How to Build an Android Video Calling App
This tutorial teaches you how to build Zoom/Whatsapp style video calling for your app.
- Calls run on Stream's global edge network for optimal latency & reliability.
- Permissions give you fine grained control over who can do what.
- Video quality and codecs are automatically optimized.
- Powered by Stream's Video Calling API.
Step 1 - Create a new project in Android Studio
- Create a new project
- Select Phone & Tablet -> Empty Activity
- Name your project VideoCall.
Note that this tutorial was written using Android Studio Giraffe. Setup steps can vary slightly across Android Studio versions. We recommend using Android Studio Giraffe or newer.
Step 2 - Install the SDK & Setup the client
Add the Video Compose SDK and Jetpack Compose dependencies to your app's build.gradle.kts
file found in app/build.gradle.kts
.
If you're new to android, note that there are 2 build.gradle
files, you want to open the build.gradle
in the app folder.
dependencies {
// Stream Video Compose SDK
implementation("io.getstream:stream-video-android-compose:0.3.4")
// Optionally add Jetpack Compose if Android studio didn't automatically include them
implementation(platform("androidx.compose:compose-bom:2023.08.00"))
implementation("androidx.activity:activity-compose:1.7.2")
implementation("androidx.compose.ui:ui")
implementation("androidx.compose.ui:ui-tooling")
implementation("androidx.compose.runtime:runtime")
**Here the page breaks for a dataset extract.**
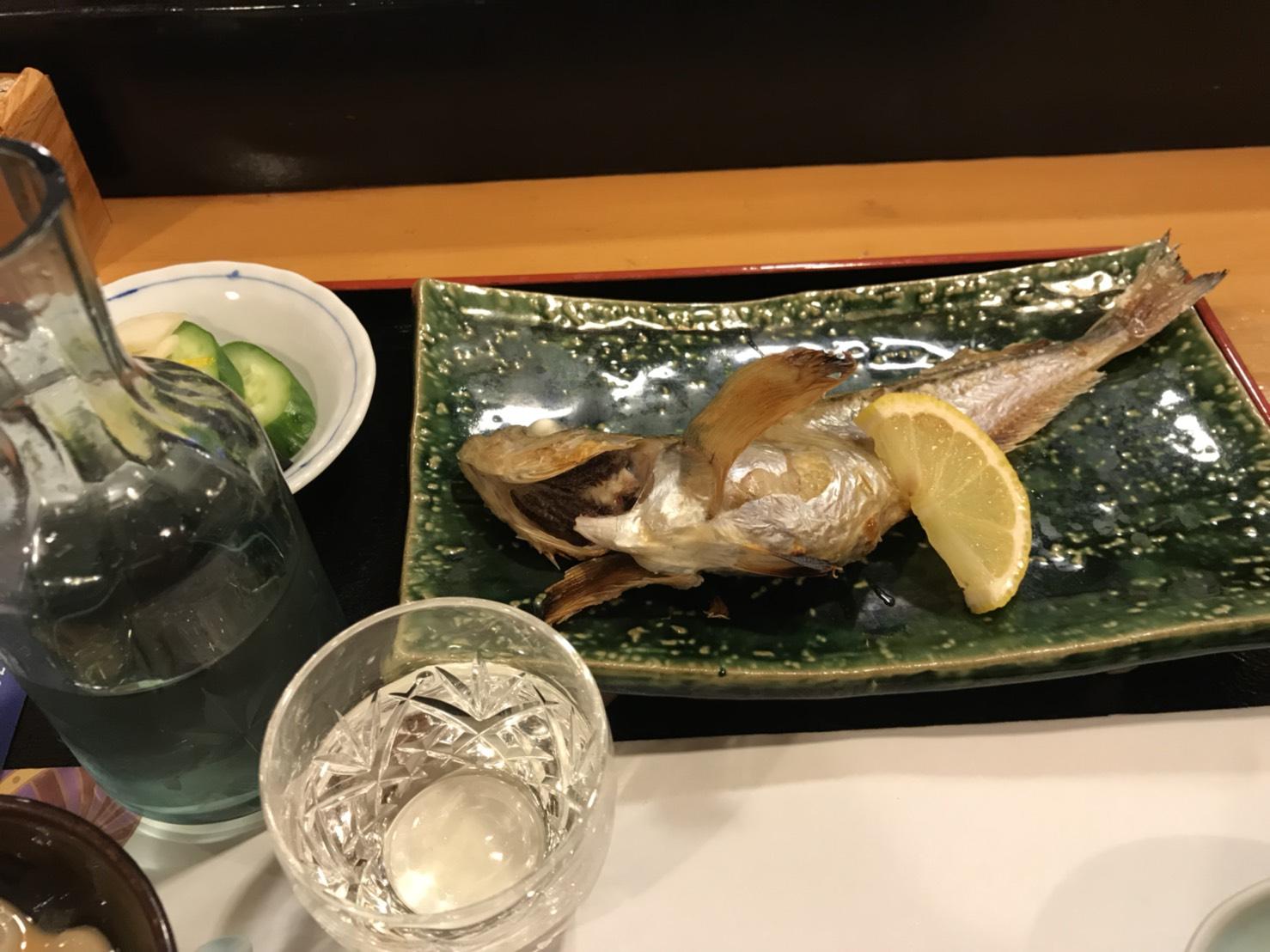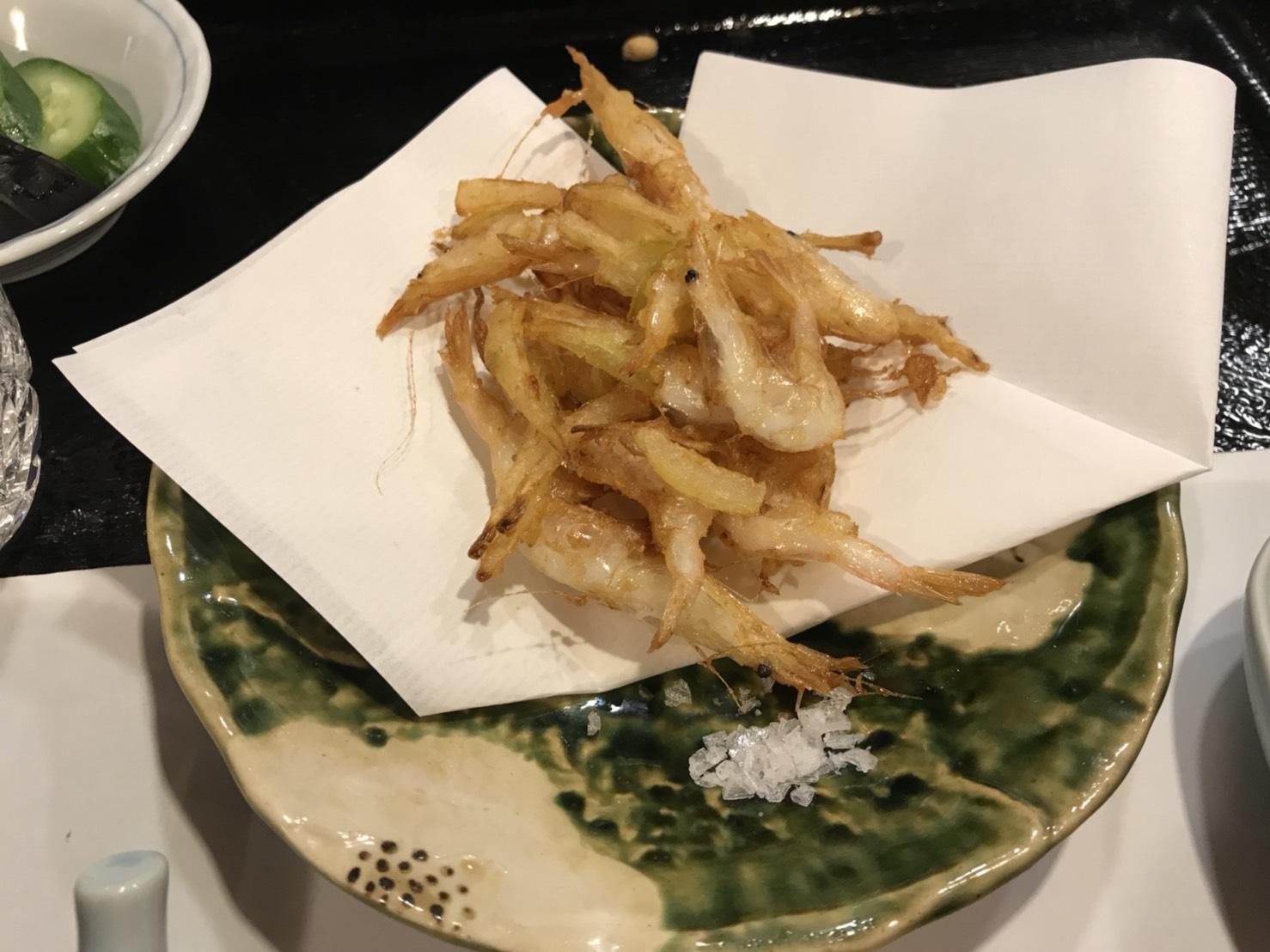 その後も、今が旬の『子持ちハタハタの塩焼き』や『自家製の塩辛』に、富山産の『白エビのかき揚げ』等、酒が進んでしまって困るものばかりです(笑)〆には、こはだを使った特製の細巻きとお椀をいただきました。孝之さんは、最後に握り寿司も完食してました!さすが、若いですね~。親方からは大工町に関する街の歴史を伺うこともできて、身も心も大満足のひと時を過ごすことができました。

implementation("androidx.compose.foundation:foundation")
implementation("androidx.compose.material:material")
}
There are 2 versions of Stream's SDK.
- Video Compose SDK:
io.getstream:stream-video-android-compose
dependency that includes the video core SDK + compose UI components. - Video Core SDK:
io.getstream:stream-video-android-core
that only includes the core parts of the video SDK.
For this tutorial, we'll use the compose UI components.
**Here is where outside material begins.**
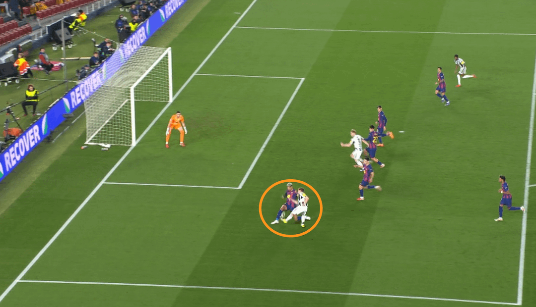 Yamal’s backheel near his own box went wrong. Hall intercepted, immediate attack. Coordination between Araujo and the other defenders was off — Cancelo, Martin, and Cubarsi held the offside line, while Ronald followed Barnes, letting him escape offside.

Step 3 - Create & Join a call
To keep this tutorial short and easy to understand we'll place all code in MainActivity.kt
.
For a production app you'd want to initialize the client in your Application class or DI module.
You'd also want to use a viewmodel.
Open up MainActivity.kt
and replace the MainActivity class with:
class MainActivity : ComponentActivity() {
override fun onCreate(savedInstanceState: Bundle?) {
super.onCreate(savedInstanceState)
val userToken = "REPLACE_WITH_TOKEN"
val userId = "REPLACE_WITH_USER_ID"
val callId = "REPLACE_WITH_CALL_ID"
// step1 - create a user.
val user = User(
id = userId, // any string
name = "Tutorial" // name and image are used in the UI
)
// step2 - initialize StreamVideo. For a production app we recommend adding the client to your Application class or di module.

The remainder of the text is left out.